To support reproducibility, assessment plans and evidence records allow reviewers to trace each finding to the technique and assessment objects that produced it.

Findings are often mapped to a recognized control catalogue or practice guide so owners know exactly what to change—for example, NIST SP 800-53 or ISO/IEC 27002.

== Risk and measurement ==
In practice, many organizations communicate results with qualitative or semi-quantitative scoring; this aligns with general risk-management guidance and information-security usage.

Quantitative analysis is also possible when a model and data are defined; Open FAIR is one widely cited approach for expressing frequency and loss.

ISO/IEC 27005 connects these ideas to information-security risk management and helps keep terminology consistent within an ISMS context.

== Tools (types rather than vendors) ==
Articles typically describe tool types—for example, vulnerability scanners, software-composition analysis, dynamic/interactive application testing, configuration checking, and evidence/issue tracking—rather than specific products.

Using a control/practice lens keeps the description neutral and durable because results can be mapped to established catalogues such as ISO/IEC 27002 and NIST SP 800-53.
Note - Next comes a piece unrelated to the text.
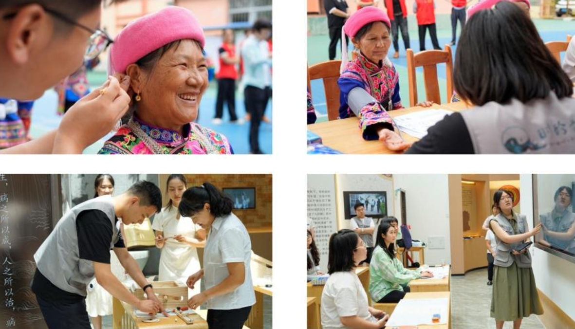 在查姆湖社区和中彝医体验馆,实践团成员们运用所学知识为当地居民提供健康服务和宣讲。
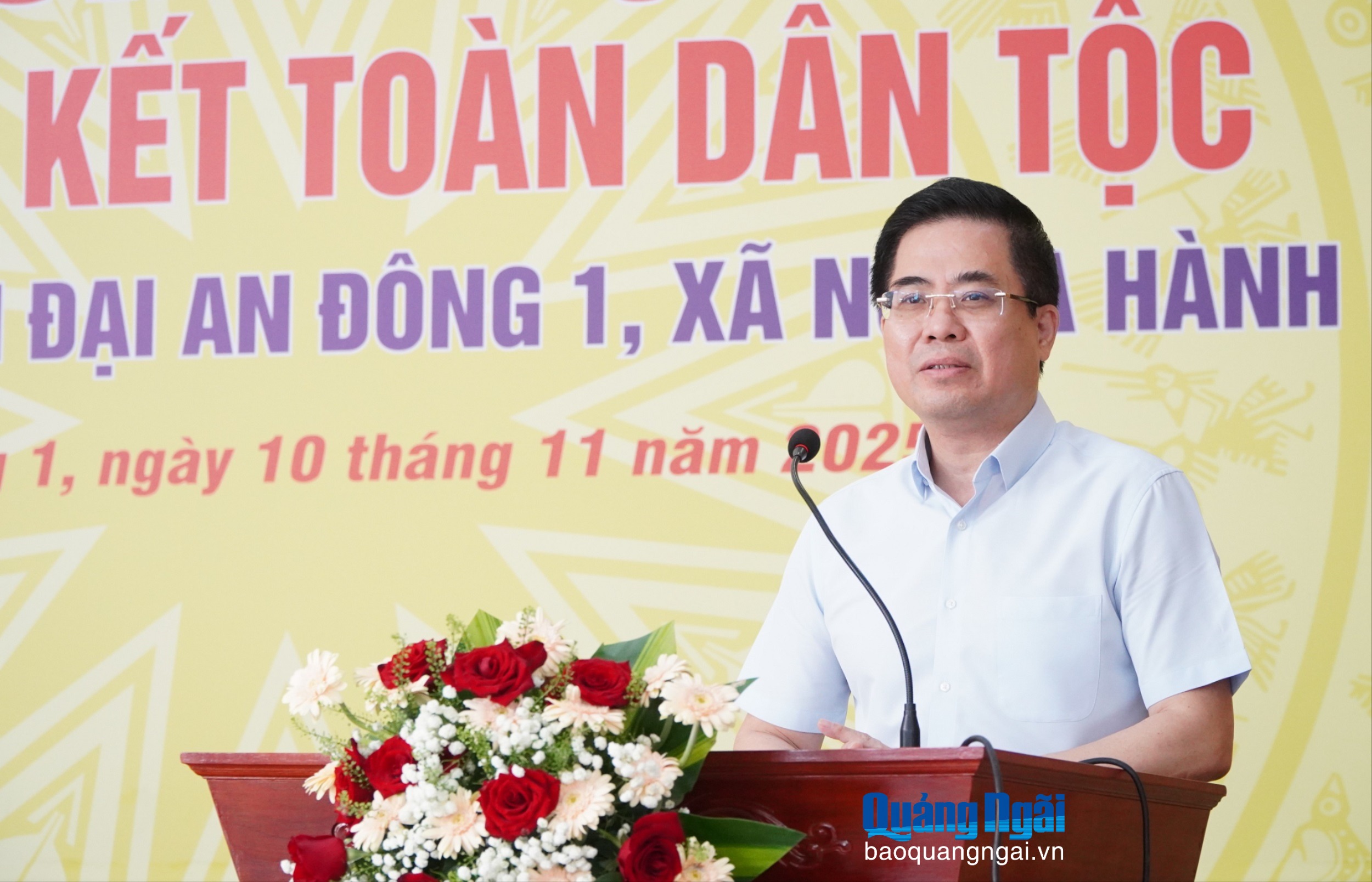 Phó Bí thư Tỉnh ủy, Chủ tịch UBND tỉnh Nguyễn Hoàng Giang nhấn mạnh, trong thời gian tới, Tỉnh ủy, HĐND, UBND, Ủy ban MTTQ Việt Nam tỉnh sẽ tiếp tục quan tâm, tạo điều kiện để xã Nghĩa Hành nói chung, thôn Đại An Đông 1 nói riêng phát triển nhanh và bền vững.

== Relation to RMF / Continuous monitoring ==
Assessments sit within the NIST Risk Management Framework alongside control selection, implementation, authorization, and continuous monitoring; they are not a one-time event.

Continuous monitoring uses assessment activities and other data over time, feeding results back into risk and control decisions at the organization, mission, and system levels.

In many programs this work is coordinated through an ISMS, which provides requirements and governance for recurring assessments and audits.